Но самое главное, всякая внешняя рефлексия, к которой прибегают, например, экскурсоводы, историки или критики искусства, предоставляющие информацию якобы для лучшего понимания портрета (особенности биографии портретируемого, случайности заказа и т д.), в принципе не нужна. Здесь мы имеем дело с изображением (Bild) в искусстве. Рамка, в которую помещают портрет, должна подчеркнуть его в себе и для себя бытие. Исчезнет навсегда реальный «оригинал», сотрутся с памяти все сведения, связанные с его существованием, а реальность шедевра от этого ни на йоту не убудет. Наоборот, в нем происходит некий «прирост бытия» «Durch die Darstellung erfahrt es gleichsam einen Zuwachsan Sein» [22, s. 145].. «Собственное содержание изображения онтологически определяется как эманация первообраза. В сущности эманации заложено то, что эманирует преизбыток, а источник эманации при этом не умаляется.

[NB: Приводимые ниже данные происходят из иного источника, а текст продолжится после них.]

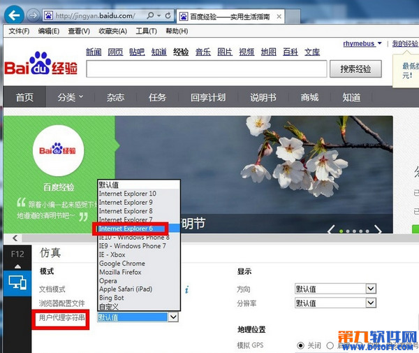 4、在仿真頁面,點擊用戶代理字符串,選擇IE6、7、8任意一個即可!
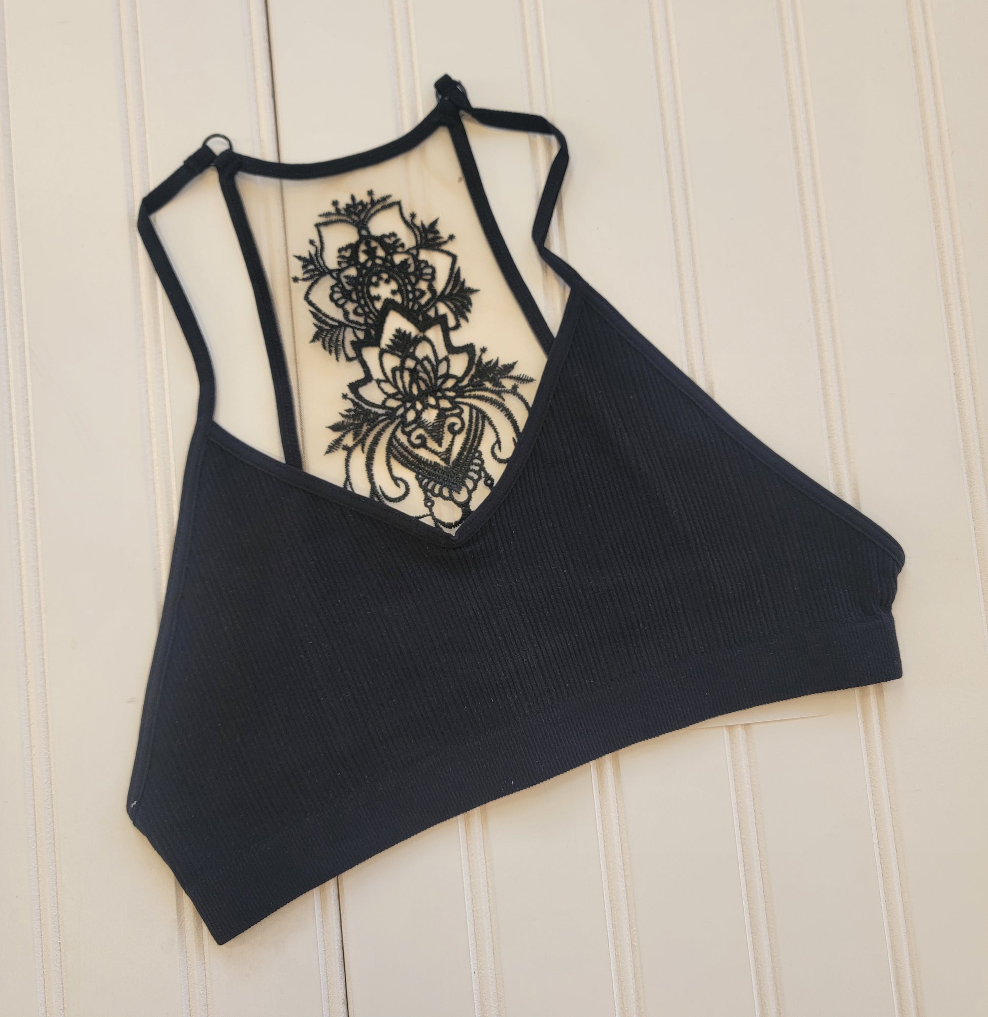 Experience delicate comfort and style with our Tattoo Mesh Racerback Bralette. Made with a ribbed, stretchy fabric and a unique tattoo mesh racerback design, this bralette provides a perfect blend of support and breathability. Elevate your lingerie game with this must-have piece! No padding and does not have adjustable straps.
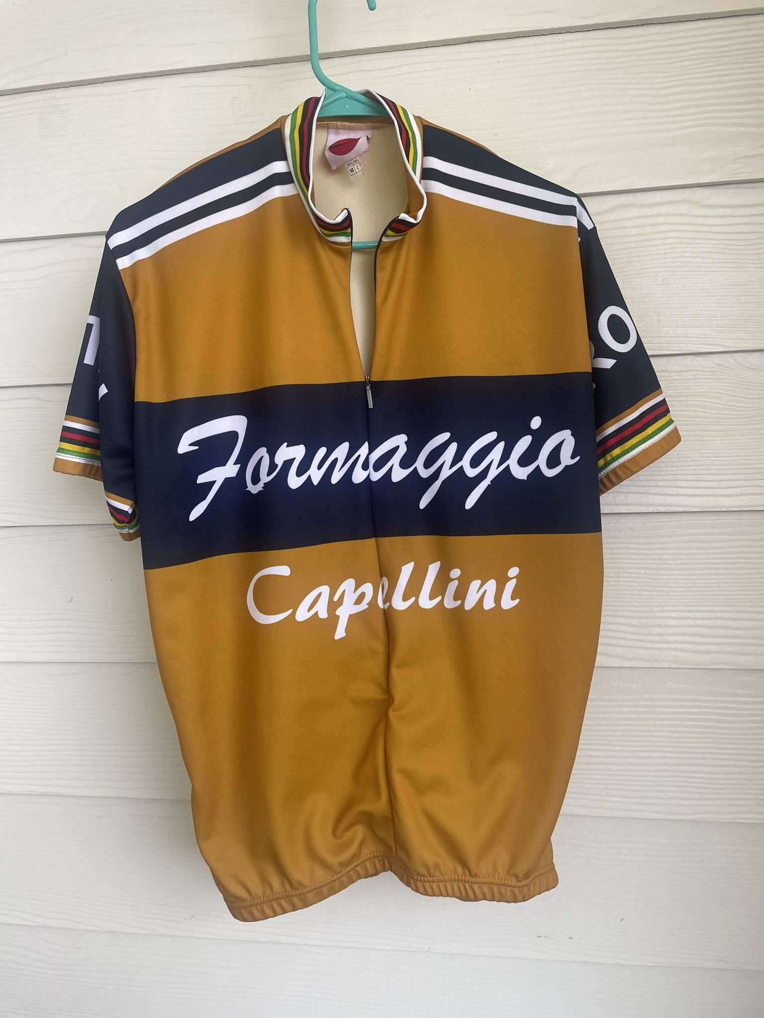 World Jerseys Formaggio Capellini Men's large 3/4 Zip Cycling Jersey, perfect for any cycling enthusiast. In very good condition, no tears, no holes This jersey features a band collar style, short sleeves, and a lightweight, breathable fabric with contrasting trim. It also includes various features such as anti-microbial A moisture-wicking, and quick-dry, making it perfect for summer, fall, and spring seasons. The jersey has a regular fit and is made of 100% polyester it’s comfortable and breathable It also has 3 pockets in the back and wrinkle-resistant.

Развитие этой идеи в философии неоплатонизма, взорвавшей область греческой субстанциальной онтологии, обосновывает позитивный ранг бытия изображения, так как если изначальное одно по истечении из него многого не делается меньше, то это должно означать, что увеличилось бытие» [25, с. 171-172]. Вот почему Гадамер подбирает специальное выражение для этого тотального опосредствования Или «преобразования в структуру». - бытийная валентность изображения.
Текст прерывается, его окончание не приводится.